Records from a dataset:
= = = = = = =
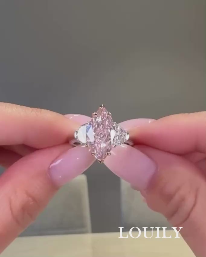 6.0Ct Pink Marquise Cut Three Stone Engagement Ring In Sterling Silver
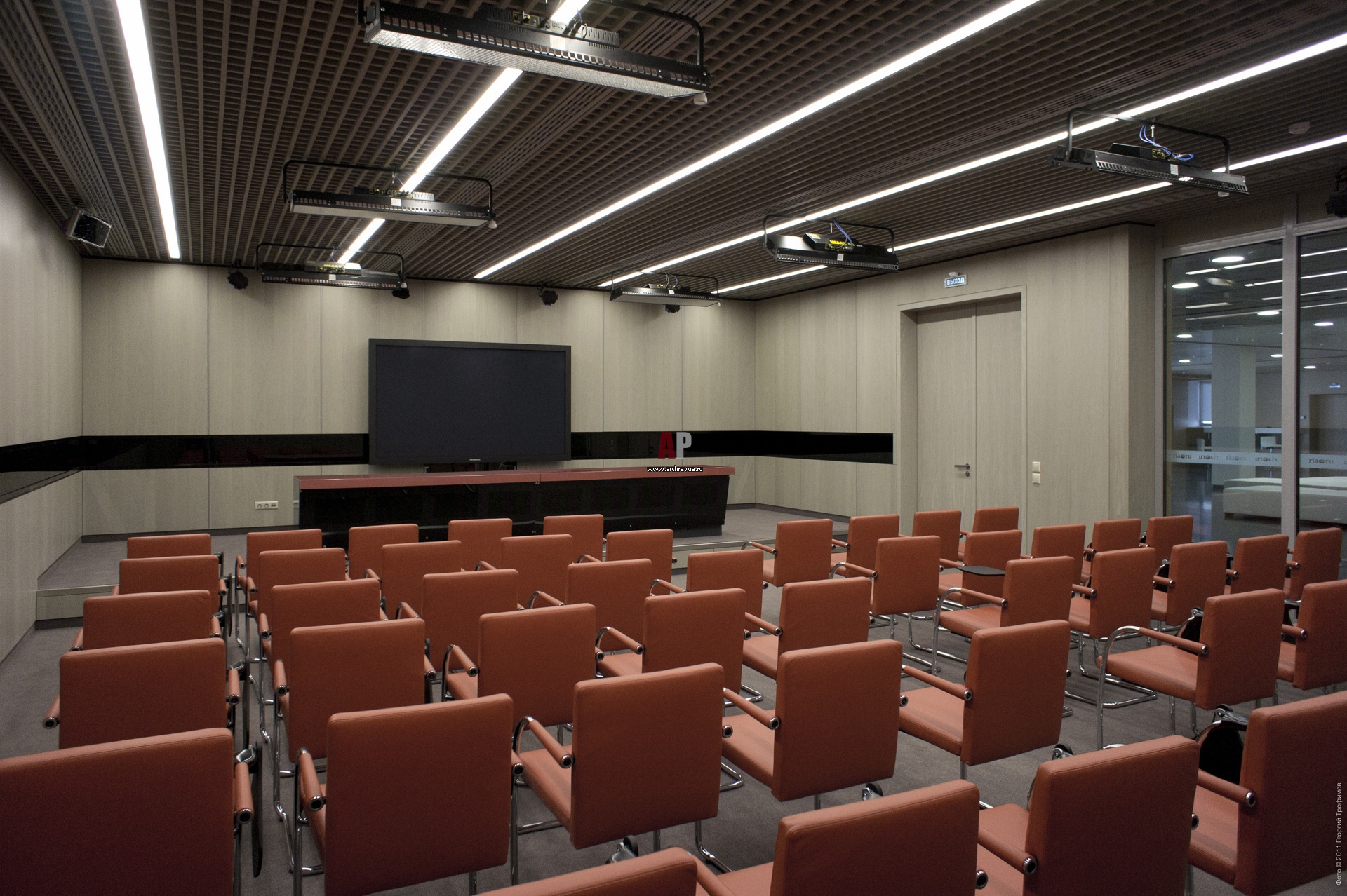 Малый зал для переговоров. Подвесные потолки из ячеистого металла SAS International. Оперативная мебель в красной кожаной отделке.
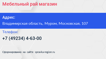 Мебельный рай, магазин по адресу Владимирская область, Муром, Московская, 107 в дальнейшем Организация, размещена в следующих категориях:
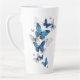 Borboletas azuis voadoras morfo e borboletas brancas em um fundo de abstrato leve. Morpho. Design com borboletas azuis morpho.
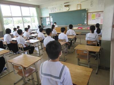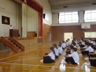 生徒は、通常通り登校し、全校集会と学活(課題点検等)を行いました。全校集会は、コロナウィルス対策で放送で行いました。校長先生の話に続き、保体給食委員会の委員長・副委員長が熱中症対策について指導してくれました。続いて、学級設営コンクールの結果が発表されました。みんなしっかりと放送に耳を傾けていました。
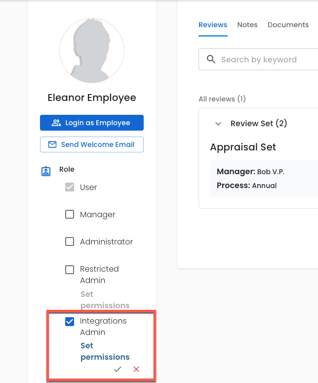 - This can be turned on via their User Profile under the Roles section. You can select which integrations an Integrations Admin will have permission to access here as well - click Permissions next to the Integrations Admin check box.
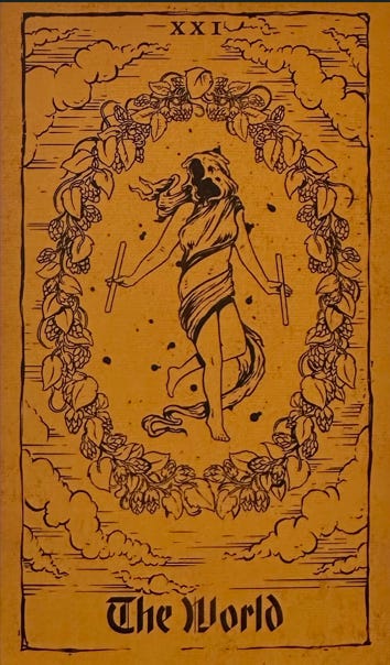I pulled The World card, which essentially speaks to accomplishment and completion. Something may have recently come full circle for you, resulting in an achievement or exciting new step, and you’re feeling proud—or should be, anyway. A project, an assignment, studying for and receiving some kind of certification, brewing a new beer, even birthing an entire human; you’ve reached the culmination of some process or long road of hard work. And if this milestone hasn’t happened for you yet, it’s not far away.
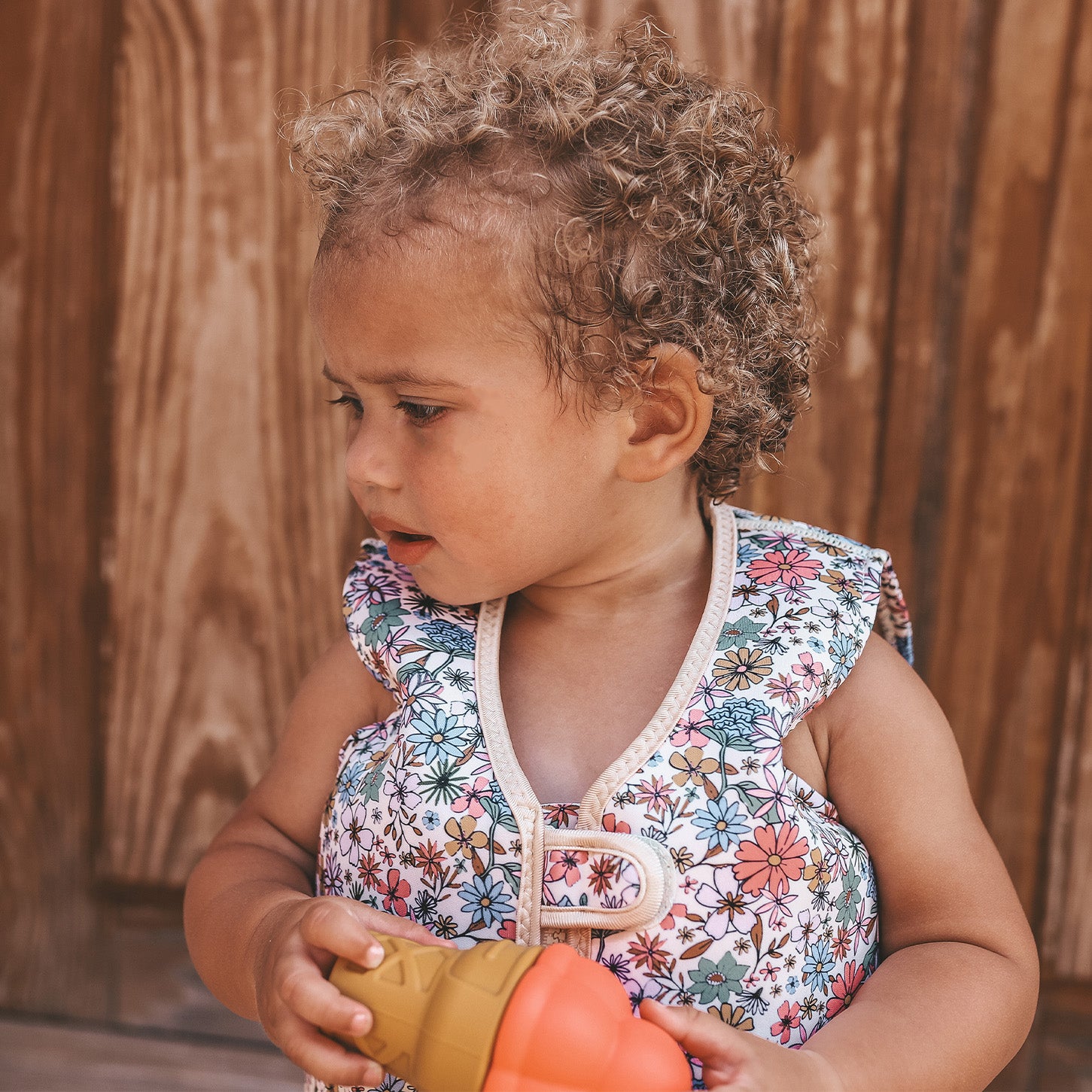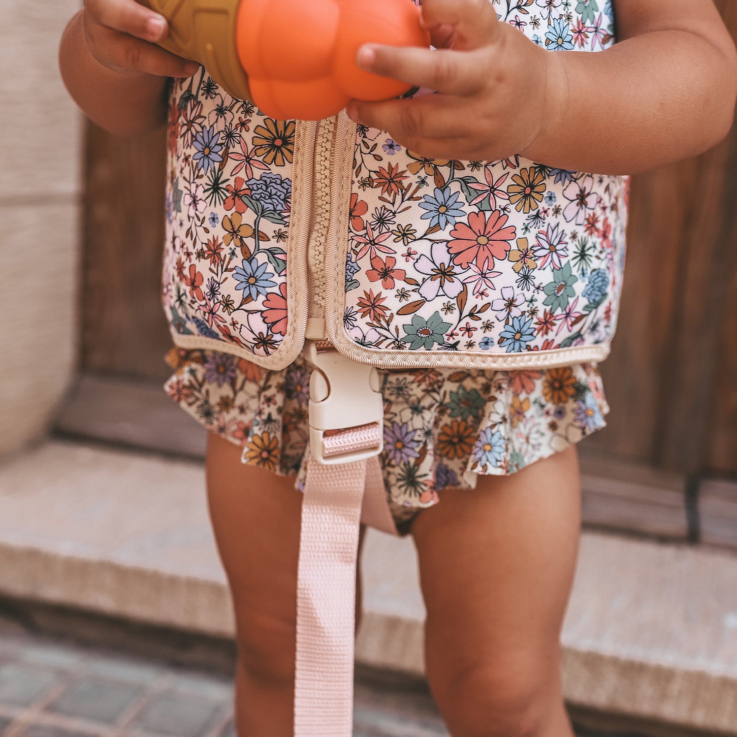 Het Sparkly Fleurs Floating Vest is ontworpen met een extra gesp die je door de benen heen vastmaakt, zodat je kleintje nooit uit het vest kan glippen. Dit maakt het vest ideaal voor zowel beginners als meer ervaren jonge zwemmers. Naarmate je kindje steeds zelfverzekerder wordt in het water, kunnen de drijfelementen in het vest geleidelijk worden verwijderd (van A-elementen tot D-elementen), zodat het vest zich aanpast aan de zwemvaardigheden van je kindje.
= = = = = = =
◆ **PROBLEM REQUIREMENTS**:
Would you please repeat only the lines above, beginning at the one that has "- This can be" and stopping after the one that has "I pulled The", exactly and with no pictures?

◆ **SOLUTION TO THE EXERCISE**:
 - This can be turned on via their User Profile under the Roles section. You can select which integrations an Integrations Admin will have permission to access here as well - click Permissions next to the Integrations Admin check box.
I pulled The World card, which essentially speaks to accomplishment and completion. Something may have recently come full circle for you, resulting in an achievement or exciting new step, and you’re feeling proud—or should be, anyway. A project, an assignment, studying for and receiving some kind of certification, brewing a new beer, even birthing an entire human; you’ve reached the culmination of some process or long road of hard work. And if this milestone hasn’t happened for you yet, it’s not far away.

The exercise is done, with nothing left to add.